Tag Archives: returns

The Curious Psychology of Returns

In a recent post I wrote about the world of reverse logistics, which underlies the multi-billion dollar business of product returns. But while the process of consumer returns runs like a well-oiled, global machine the psychology of returns is confusingly counter-intuitive.

For instance, a lenient return policy leads to more returned products — no surprise there. But, it also causes increased consumer spending, and the increased spending outweighs the cost to the business of processing the increased returns. Also, and rather more curiously, a more lenient return time limit correlates to a reduction in returns, not an increase.From the Washington Post:

January is prime time for returns in the retail industry, the month where shoppers show up in droves to trade in an ill-fitting sweater from grandma or to unload the second and third “Frozen” dolls that showed up under the Christmas tree.

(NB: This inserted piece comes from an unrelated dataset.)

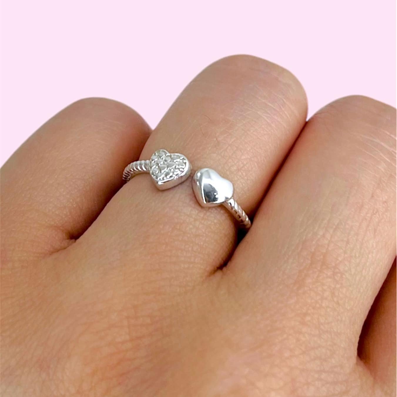 Anillo Regulable corazones Plata 925

This post-Christmas ritual has always been costly for retailers, comprising a large share of the $284 billion in goods that were returned in 2014.  But now it is arguably becoming more urgent for the industry to think carefully about return policies, as analysts say the rise of online shopping is bringing with it a surge in returns. The return rate for the industry overall is about 8 percent, but analysts say that it is likely significantly higher than that online, since shoppers are purchasing goods without seeing them in person or trying them on.

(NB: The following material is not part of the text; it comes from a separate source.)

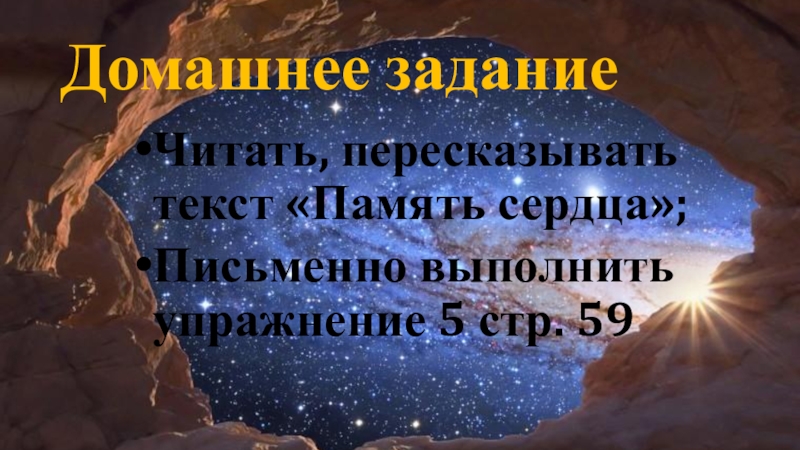 Домашнее заданиеЧитать, пересказывать текст «Память сердца»;Письменно выполнить упражнение 5 стр. 59

Against that backdrop, researchers at University of Texas-Dallas sought to get a better handle on how return policies affect shopper behavior and, in turn, whether lenient policies such as offering a lengthy period for returns actually helps or hurts a retailer’s business.

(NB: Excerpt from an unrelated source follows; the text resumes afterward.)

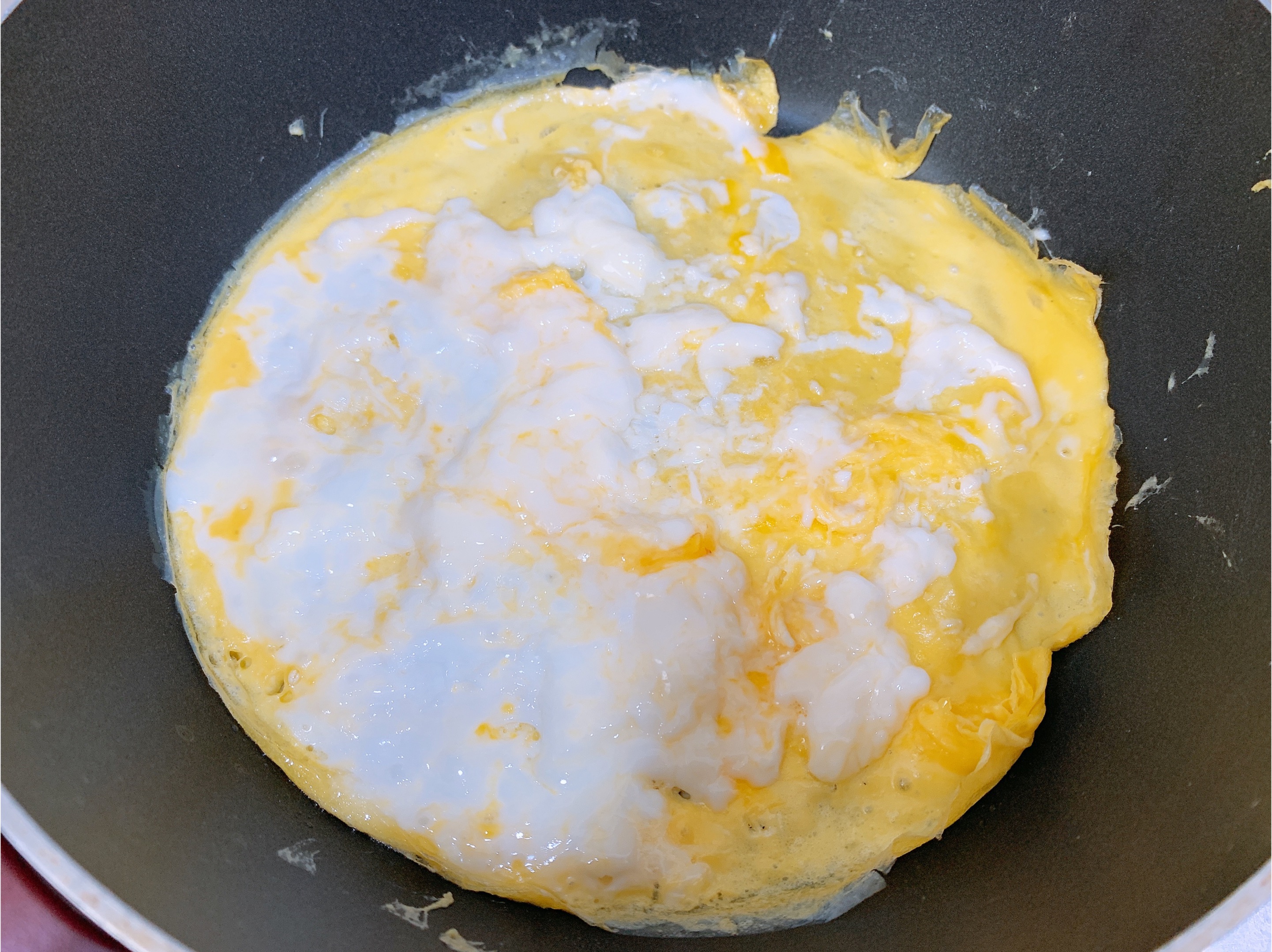 덜 풀어진 달걀을 급하게 했더니 저렇게 나왔지만

Overall, a lenient return policy did indeed correlate with more returns. But, crucially, it was even more strongly correlated with an increase in purchases. In other words, retailers are generally getting a clear sales benefit from giving customers the assurance of a return.

One surprising finding: More leniency on time limits is associated with a reduction — not an increase — in returns.

This may seem counterintuitive, but researchers say it could have varying explanations. Ryan Freling, who conducted the research alongside Narayan Janakiraman and Holly Syrdal, said that this is perhaps a result of what’s known as “endowment effect.”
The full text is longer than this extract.